Ну, она видит, бить я ее не собираюсь, маленького в люльку спрятала, сама стала около. "Чего тебе? Что ты так пришел вдруг?" - "Я, Федосья, пришел, говорю, с тебя свои деньги стребовать, как я теперь вижу, что жить я в своей хате не могу по причину содома, а давай мне мои деньги назад, с каких ты сама себя приделила к месту на свою жизнь, а то бы, может, ты и до сих пор по чужим людям служила... Давай мне эти шестьсот рублей, за мое увечье полученных, а что тебе за мое здоровье чиновница чугуевская отвалила сто двадцать, тех уж я не считаю..." Она было, как кошка, в дыбошки, а я ей все свои резоны докладываю: во-первых, царизма уж больше нет, а во-вторых, теперешние шестьсот рублей и тогдашние шестьсот, это уж всякий ребенок понимает, похожи как потолок на барашка, а в-третьих, одни даже мои две козы теперь те же, почитай, шестьсот стоят, а не то что дом с участком. Я же, говорю, тебя тогда беспокоить не буду, как мне все равно Гаврилкиных детей нянчить охоты нет. Она это сейчас: "Каких это Гаврилкиных? Почем ты думаешь, что Гаврилкина?" - "Ну, может, и кого другого, говорю. Севастополь велик, войска стоят в нем много, также и флот". А она: "Это, говорит, моего истинного мужа дети, какой сейчас должен приттить, за картошкой пошел... А ты зря языком на женщину не трепи". Я ей: "У бабы, говорю, и сам черт не мог понять, от кого у ней дети получаются, а только мужа твоего законного теперь, небось, и ворон костей не найдет".

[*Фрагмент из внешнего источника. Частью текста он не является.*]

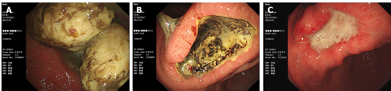
Figure 2 Image of gastric phytobezoars in a patient with a gastric phytobezoars history of 7 d. A: Gastric phytobezoars (GPBs) located in the stomach; B: The gastric ulcer, which is shallow and bleeding located in the angulus of the stomach; C: No GPBs or bleeding in the stomach was observed after Coca-Cola therapy.

DOI: 10.4253/wjge.v16.i2.83 Copyright ©The Author(s) 2024.

И только я это, понимаешь, сказал, гляжу - дверь с надворья отворяется, и солдат в шинели входит, мешок, действительно, картошки взносит... Я думаю - Гаврилкин, не иначе... Оказалось что же? Действительно, муж Фенькин с фронта ушел, как тогда многие сотни тысяч поуходили, и вот он дома живой-невредимый, фельдфебель стал, и на рукаве нашивка-галун! А я как сидел на табуретке, так и продолжаю.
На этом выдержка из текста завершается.